Economists largely agree that one of the most effective ways of tackling climate change is taxing carbon pollution. Few things beat higher prices in reliably pushing companies and consumers to shift to more environmentally friendly practices and products.
But a new economic analysis flips some of the traditional thinking about a carbon tax, concluding that the price should fall rather than rise in the decades ahead. It should also start far higher than many previous studies and policy proposals suggested.
Notably, a plan put forth by former US secretaries of state James Baker and George Shultz in 2017 proposed a carbon fee that would start at $40 a ton and increase every year at 5% above inflation, in line with conventional views rooted in some of the earliest and most influential climate-economy models.
But the new model, published September 1 in the Proceedings of the National Academy of Sciences, concludes it would be much more effective to start with a price well above $100. That tax would tick up a bit further in the first decade or so, before slowly sliding downward for the next few centuries.
In basic terms, the so-called EZ-Climate model attempts to merge the tools of financial economics into climate economics, which ends up placing a higher estimated cost on uncertainty—and higher value on averting risks.
So the model finds a few things likely happen over time.
The higher the price is at the start, the more rapidly nations and businesses will develop and deploy cleaner ways of doing things, says Gernot Wagner, an author of the paper and associate professor at New York University’s Department of Environmental Studies.
That also means the price on carbon can start to decline sooner, as more and more of the economy shifts to systems and sources that no longer pump out emissions.
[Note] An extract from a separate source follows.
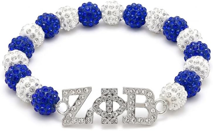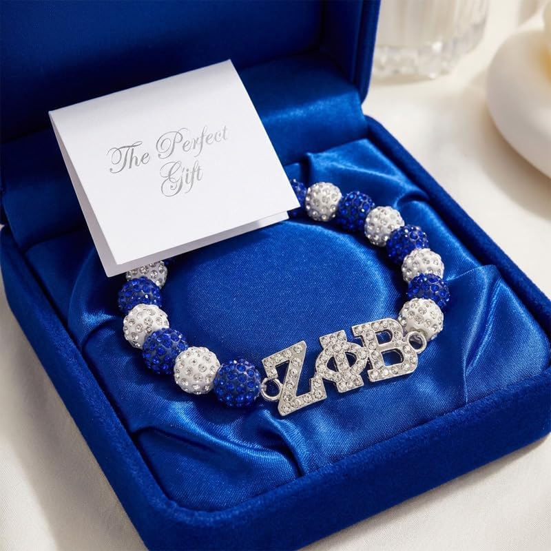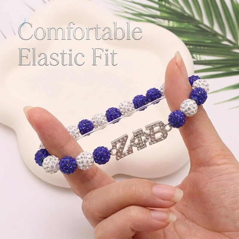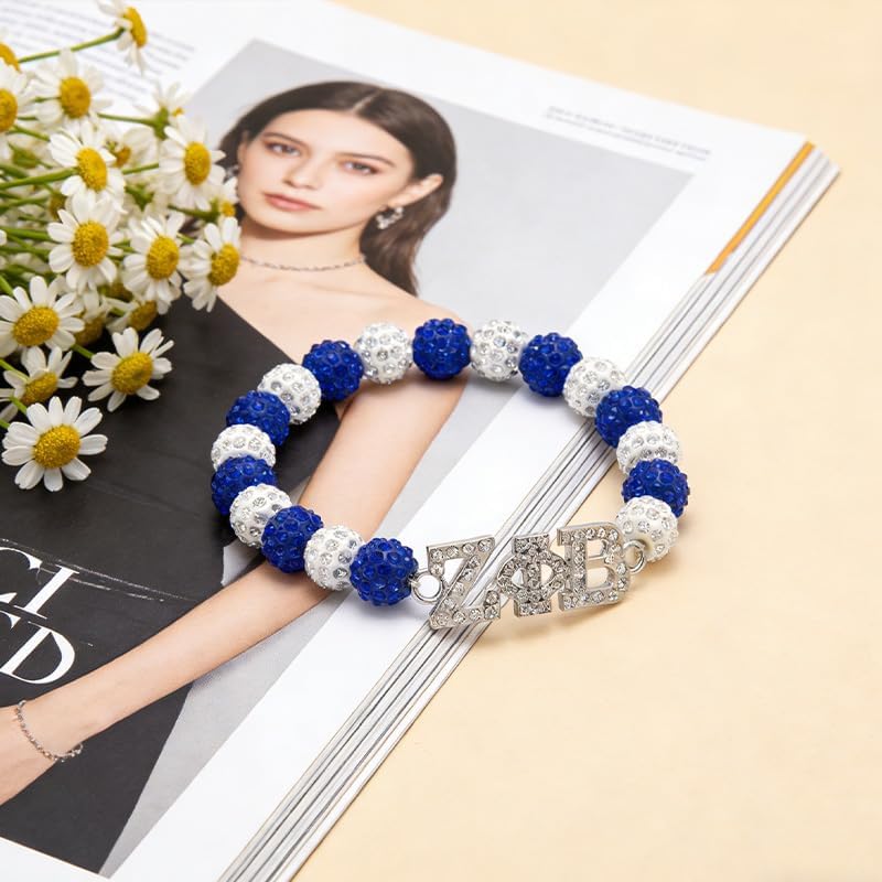 • Classic Design: This bracelet features a fashion design with alternating blue and white crystal beads, reflecting traditional sorority colors. The centerpiece is a finely crafted alloy charm that prominently displays the Greek letters “ΖΦΒ.” The entire strand is accented with sparkling rhinestones embedded within the beads, blending elegant symbolism with chic style.

But in addition, the world will simply learn more about the exact impacts of climate change, and what it takes to address them.
“Uncertainty resolves itself over time,” Wagner said in an email, so we no longer have to pay a higher price for it.
He cowrote the paper and created the new model with Columbia University economist Kent Daniel and Robert Litterman, formerly head of the quantitative investment strategies group at banking giant Goldman Sachs.
Another notable finding from the model is that the cost of putting off a carbon price rises at a staggering rate the longer we delay. If we wait a year to implement an effective carbon tax, the estimated cost of additional climate-change impacts will reach approximately $1 trillion. If we wait five years, that swells to $24 trillion. A 10-year delay could cost the world $100 trillion.
Wagner stresses that the most effective starting price for a carbon tax is impossible to know. But some scenarios in the model show it could be higher than $200, depending on certain assumptions.
Of course, as with much of climate policy, there’s a clear mismatch between the ideal solution in theory and the one that can actually be signed into law. Carbon taxes have proved very difficult to pass, and the higher the starting price, the harder it likely becomes.